━━ Supplied material ━━
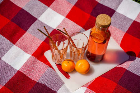 Summer Picnic at sunset on the plaid, food and drink conception lifestyle
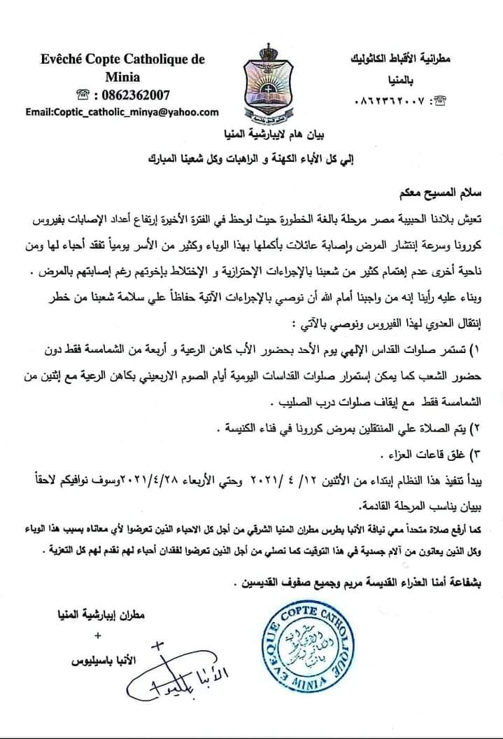 أعلنت مطرانية الأقباط الكاثوليك في المنيا، اليوم السبت، عن إتخاذ إجراءات وقرارات جديدة، لمواجهة انتشار فيروس كورونا المستجد، بعد ارتفاع حالات الإصابة خلال الفترة الأخيرة.
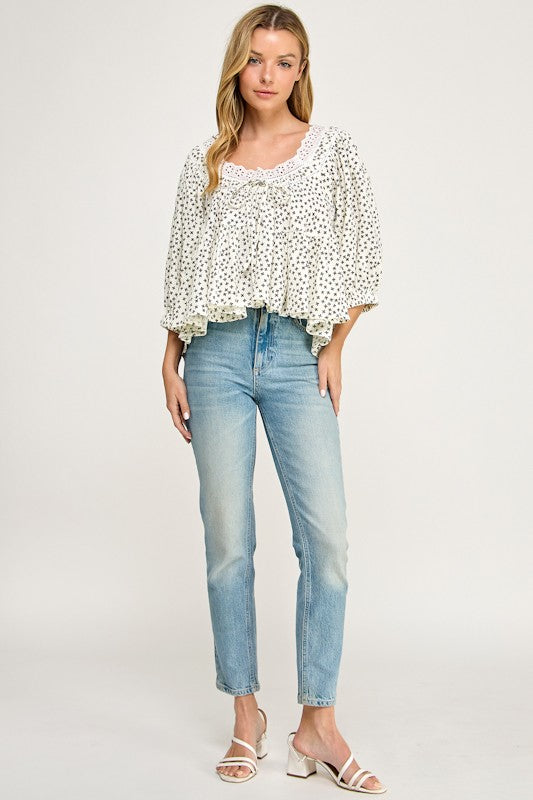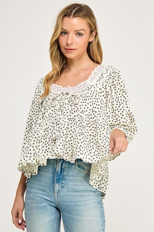 Ditsy Print Lace Trim Tiered Blouse
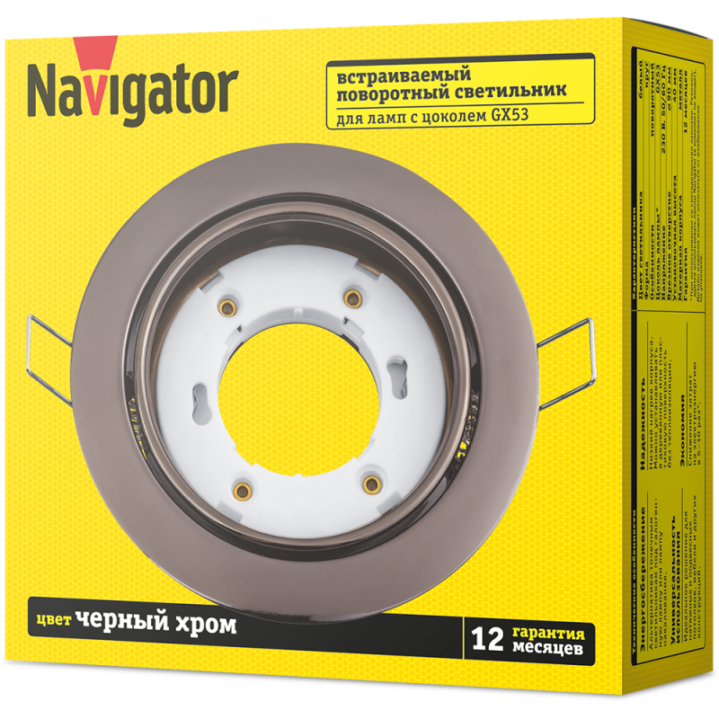 Светильник 93 034 NGX-R5-005-GX53 поворотный черн. хром. Navigator 93034
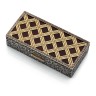 Boîte rectangulaire en argent à décor de feuillages. Le dessus à riche décor vannerie, est en or jaune 18k (750‰) partiellement émaillé, ainsi que le poussoir.
━━━
_Instructions to follow_
Every record is to be reproduced exactly, with no pictures included.

_Response to this exercise_
 Summer Picnic at sunset on the plaid, food and drink conception lifestyle
 أعلنت مطرانية الأقباط الكاثوليك في المنيا، اليوم السبت، عن إتخاذ إجراءات وقرارات جديدة، لمواجهة انتشار فيروس كورونا المستجد، بعد ارتفاع حالات الإصابة خلال الفترة الأخيرة.
 Ditsy Print Lace Trim Tiered Blouse
 Светильник 93 034 NGX-R5-005-GX53 поворотный черн. хром. Navigator 93034
 Boîte rectangulaire en argent à décor de feuillages. Le dessus à riche décor vannerie, est en or jaune 18k (750‰) partiellement émaillé, ainsi que le poussoir.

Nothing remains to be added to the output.